Each filter, e.g. 414-1, can be controlled to provide a variable delay, spectral response,
gain, or some other parameter. The second beamforming controller 420-2 can control
the filters 414-1 through 414-k to provide a predetermined discrete number of beam
configurations, or can be configured to steer the beam in substantially a continuous
manner.
[0095] In the signal enhancement module 400 of Figure 4B, distinct beamforming controllers
420-1 and 420-2 are used to independently beamform the speech and noise reference
signals. However, in other embodiments, a single beamforming controller can be used
to beamform both the speech reference signals and the noise reference signals.

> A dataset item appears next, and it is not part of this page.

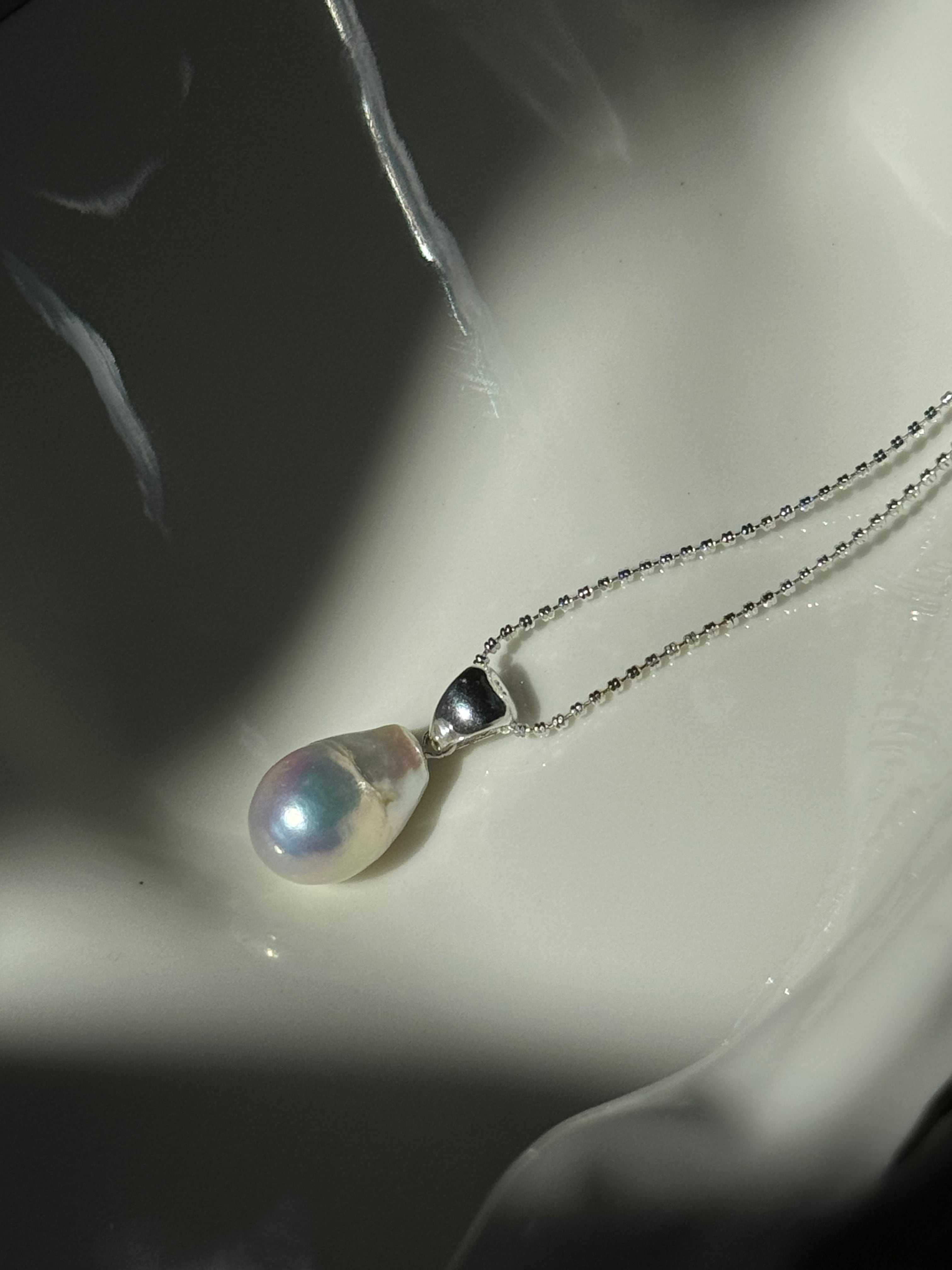 真珠形色:バロックパール、天然色ホワイト(ブルーピンク系)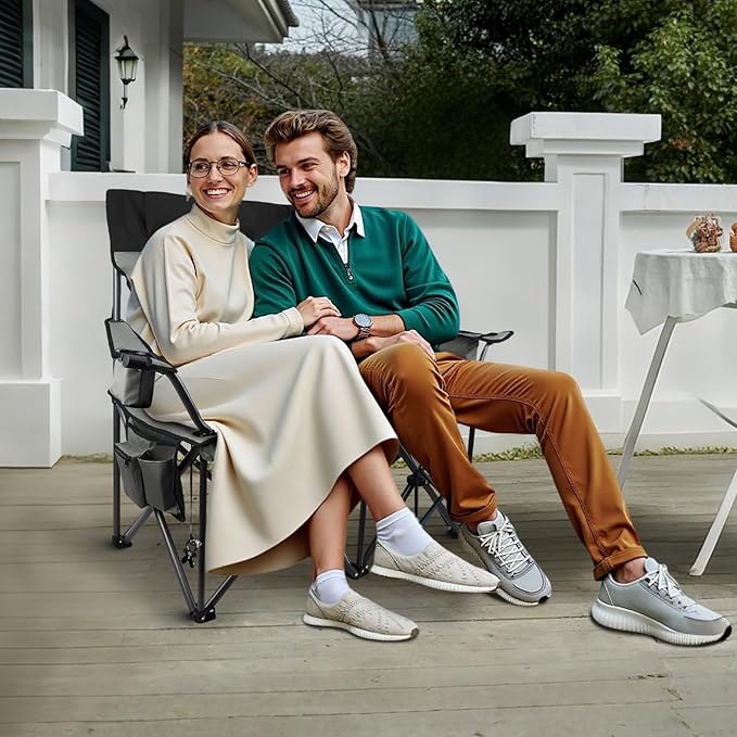 - ✨High Back Support & Oversized Comfort for Adults✨ This high back camping chair is designed as an oversized camping chair and 2 seat folding chair, perfect for adults seeking extra space—ideal for two people to relax without feeling squeezed. As one of the high back camping chairs for adults, its tall backrest eases neck and shoulder strain, while the generous dimensions solidify it as a top choice among oversized camping chairs. Whether you’re lounging as a camp chair or enjoying the outdoors, this 2 seat folding chair blends support and size seamlessly.

[0096] The signal enhancement module 400 may implement blind source separation. Blind source
separation (BSS) is a method to restore independent source signals using measurements
of mixtures of these signals. Here, the term 'blind' has two-fold meanings. First,
the original signals or the sources signals are not known. Second, the mixing process
may not be known. There are many algorithms available to achieve signal separation.
In two-microphone speech communications, BSS can be used to separate speech and background
noise. After signal separation, the background noise in speech reference signal may
be somewhat reduced and the speech in noise reference signal may be somewhat reduced.

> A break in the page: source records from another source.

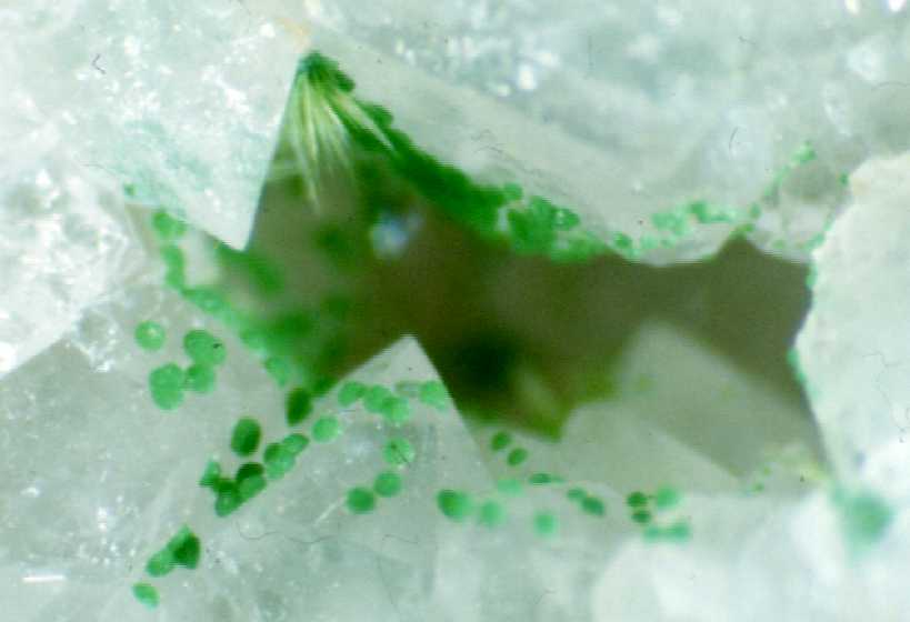 Etwas glasig wirkende Bayldonitkügelchen. Sammlung: Geider; Foto: Schrenk |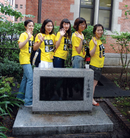 | µµÁö»þ(ÔÒò¤Þä)´ëÇÐÀ» ¹æ¹®ÇÑ Ã¼Çè´Ü ¿©ÇлýµéÀÌ ëÅÔÔñº(À±µ¿ÁÖ) ½ÃÀÎÀÇ ½Ãºñ ¾Õ¿¡¼ Æ÷Á ÃëÇϰí ÀÖ´Ù. |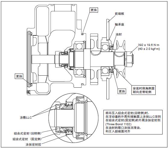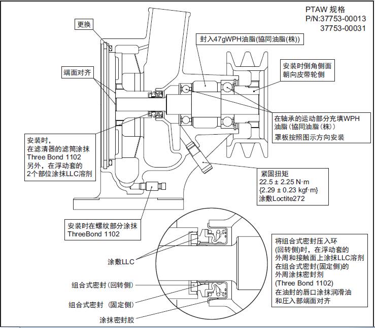 (1) 座和泵體的安裝面涂抹密封劑(Three Bond 1101)。

[0097] The signal enhancement module 400 may, for example, implement one of the BSS methods
and apparatus described in any one of
S. Amari, A. Cichocki, and H. H. Yang, "A new learning algorithm for blind signal
separation," In Advances in Neural Information Processing Systems 8, MIT Press, 1996,
L. Molgedey and H. G. Schuster, "Separation of a mixture of independent signals using
time delayed correlations," Phys. Rev. Lett., 72(23): 3634-3637, 1994, or
L. Parra and C. Spence, "Convolutive blind source separation of non-stationary sources",
IEEE Trans. on Speech and Audio Processing, 8(3): 320-327, May 2000.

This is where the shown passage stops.